> Exercise
The data is to be repeated exactly, with the images removed.

> Information provided
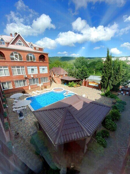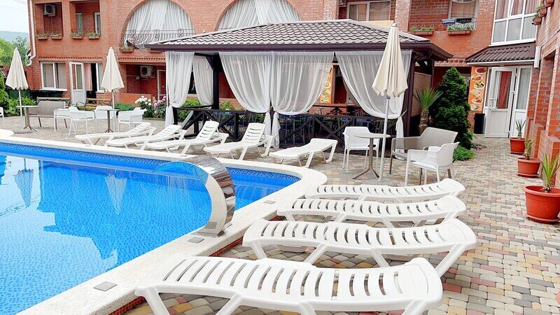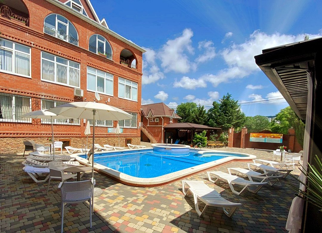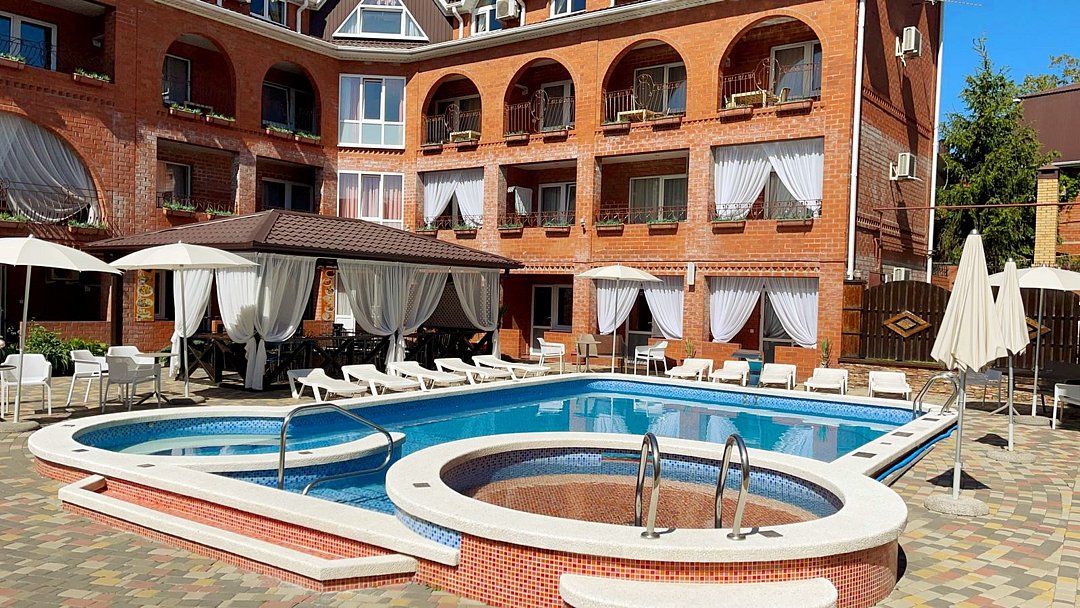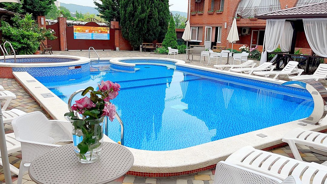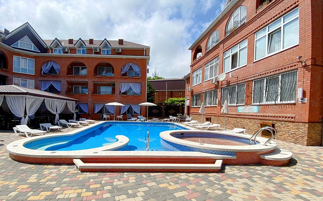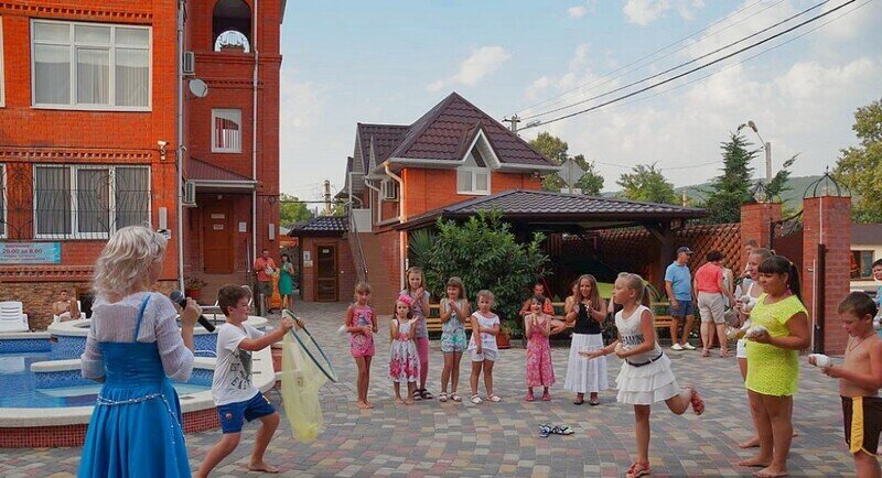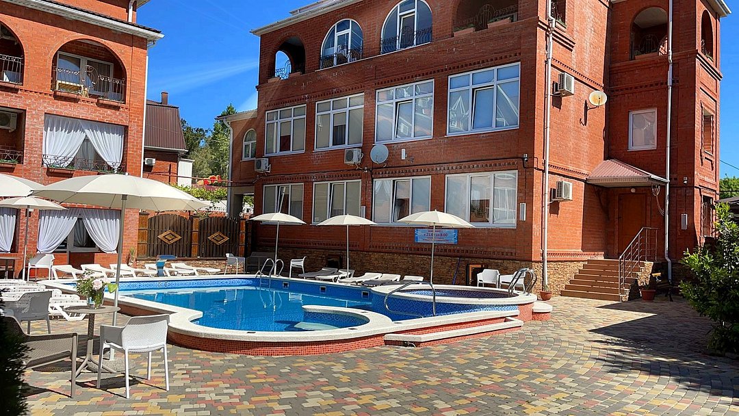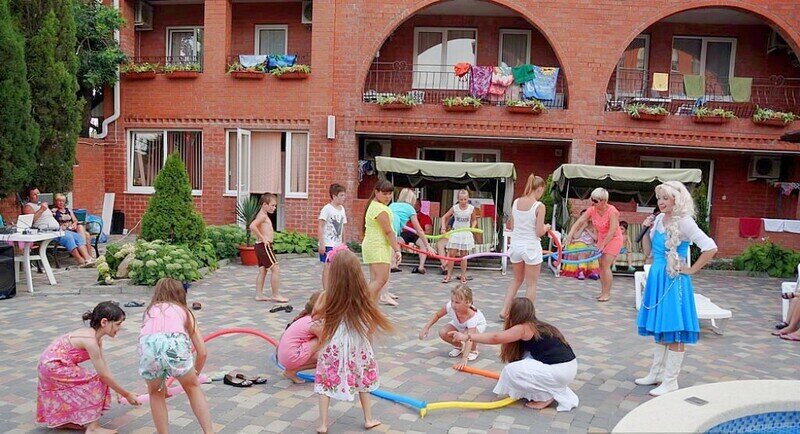Гостевой дом состоит из двух корпусов, и во дворе есть оборудованные бассейны для взрослых и детей, с удобными зонами отдыха с зонтиками и шезлонгами. Кроме того, для маленьких гостей проводятся анимационные программы и кинопоказы. Для размещения гостевого дома предлагаются уютные номера с необходимым оборудованием. В номерах есть телевизор, гардероб, спальные кровати, кондиционер и собственная ванная комната.
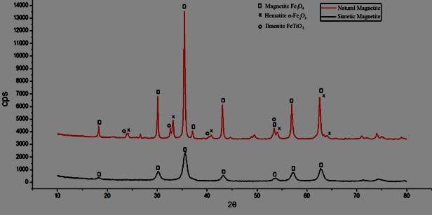 Figure 3 shows the diffractogram of natural and synthetic magnetite (produced by the coprecipitation route10).
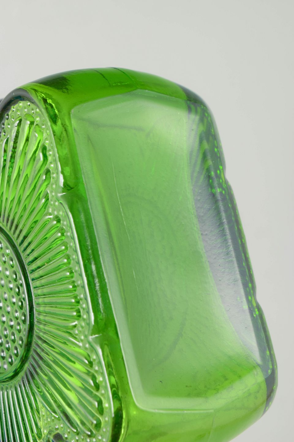 Ikonisk grøn glasvase fra serien Amuletti, designet af Tamara Aladin for Riihimäen Lasi. Modellen er karakteriseret ved sin markante blomsterform og stærke skulpturelle udtryk, typisk for finsk glasdesign i 1970’erne.
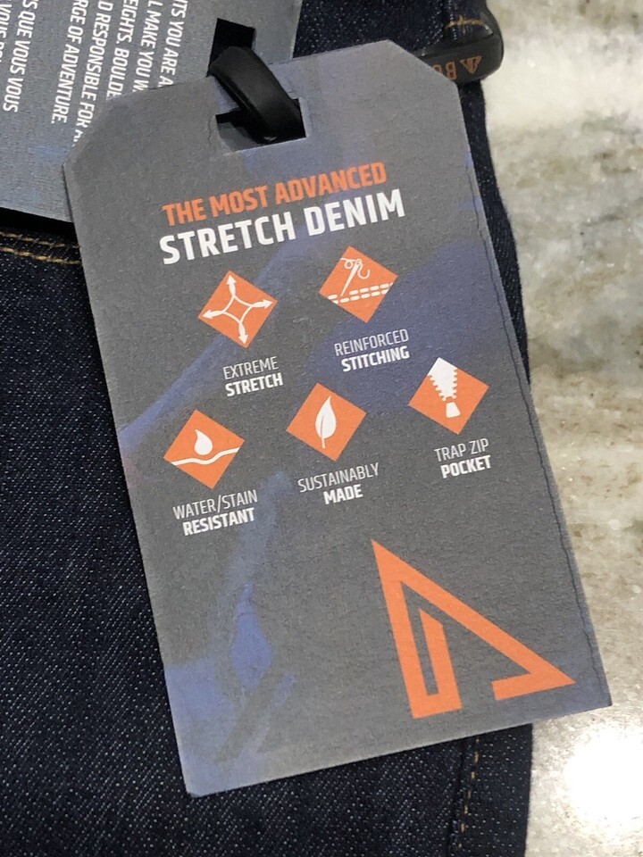 Extreme Stretch/Reinforced Stitching/Water/Stain Resistant/Sustainably Made/Trap Zip Pocket. Inventory Location MW550

> Answer to this problem
Гостевой дом состоит из двух корпусов, и во дворе есть оборудованные бассейны для взрослых и детей, с удобными зонами отдыха с зонтиками и шезлонгами. Кроме того, для маленьких гостей проводятся анимационные программы и кинопоказы. Для размещения гостевого дома предлагаются уютные номера с необходимым оборудованием. В номерах есть телевизор, гардероб, спальные кровати, кондиционер и собственная ванная комната.
 Figure 3 shows the diffractogram of natural and synthetic magnetite (produced by the coprecipitation route10).
 Ikonisk grøn glasvase fra serien Amuletti, designet af Tamara Aladin for Riihimäen Lasi. Modellen er karakteriseret ved sin markante blomsterform og stærke skulpturelle udtryk, typisk for finsk glasdesign i 1970’erne.
 Extreme Stretch/Reinforced Stitching/Water/Stain Resistant/Sustainably Made/Trap Zip Pocket. Inventory Location MW550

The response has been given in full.